Theresa squeezed the last drop of tepid tea from the pot. Thoughtfully, she chewed on fishpaste sandwiches prepared by Eva Harris, then poured water from a bottle to slake her thirst. Breast-feeding was a
nuisance, because it required a degree of liquid fuel, but she did not want to lose her milk. The money remained untouched thus far, and mother’s milk came free and involved no expeditions to shops.

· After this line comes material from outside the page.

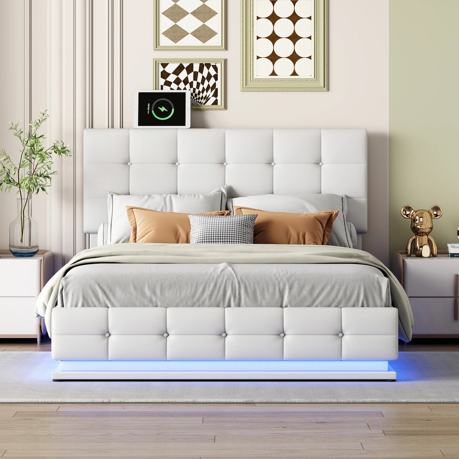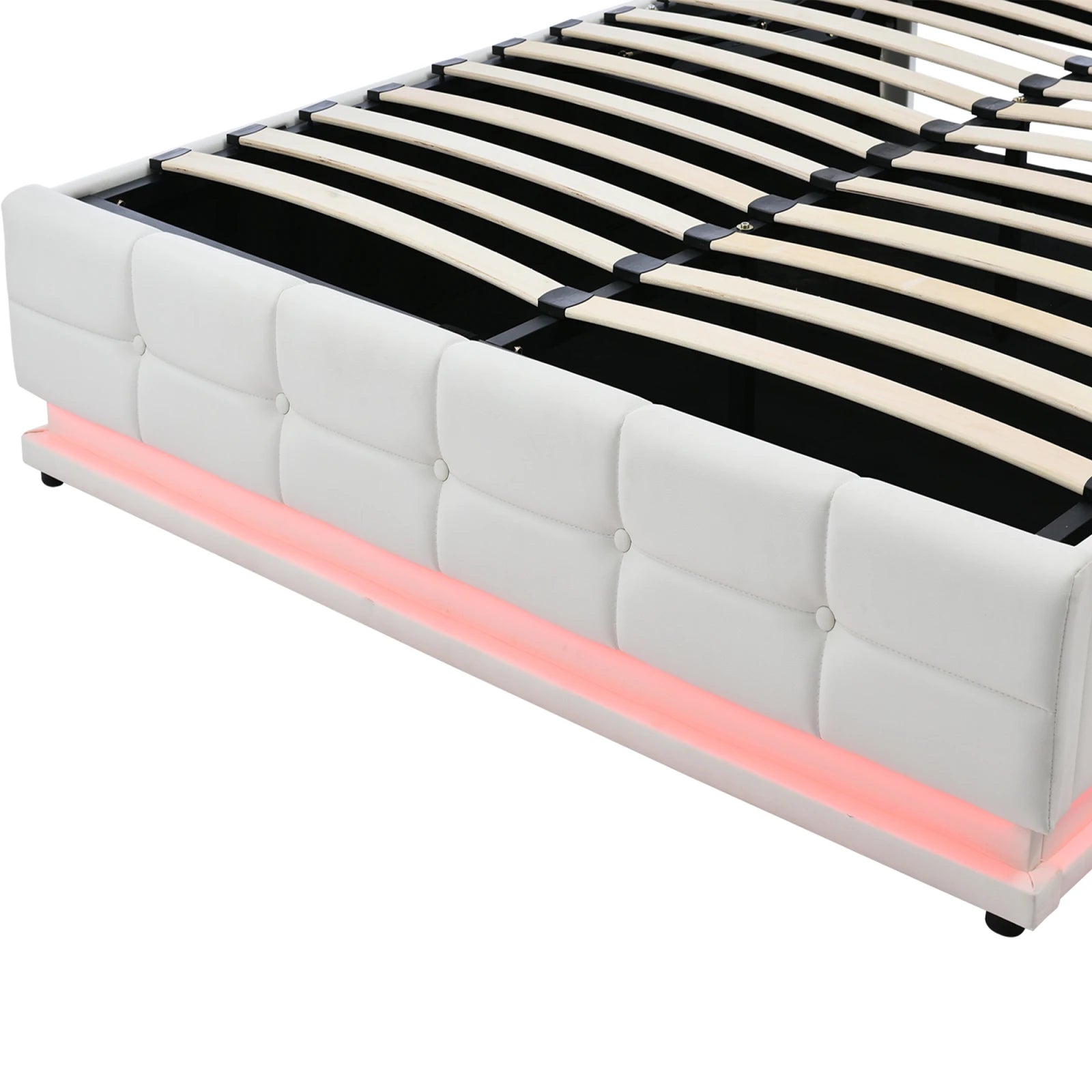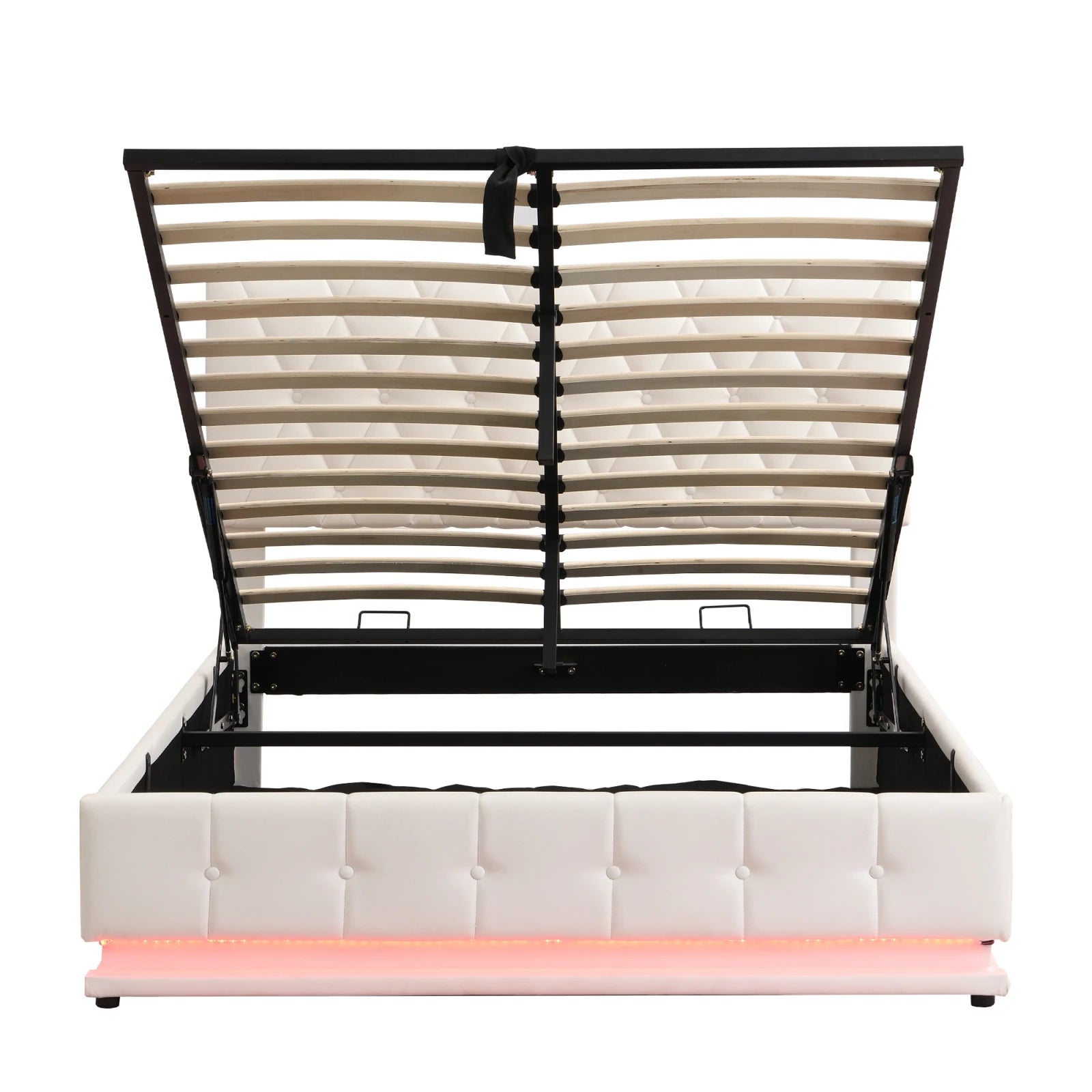 Rosahqnda Gepolstertes hydraulisches Bett 140 * 200 cm mit LED-verstellbarem Kopfteil, moderner Doppelbettrahmen mit Stauraum,PU

Something was happening to Theresa, something she hadn’t bargained for. She had fallen head over heels for the child in the drawer. Jessica. Despite her weariness, the mother’s arms ached to hold her baby. ‘I could do without this, you know,’ she advised the sleeping infant. ‘You weren’t supposed to be a point of interest on the map, Jessica.’ Pregnancy hadn’t been about a particular person. Theresa had never imagined the end product, had not even chosen names. Pregnancy had been tiredness, swollen ankles, a big belly. This situation was one for which Theresa had deliberately neglected to prepare.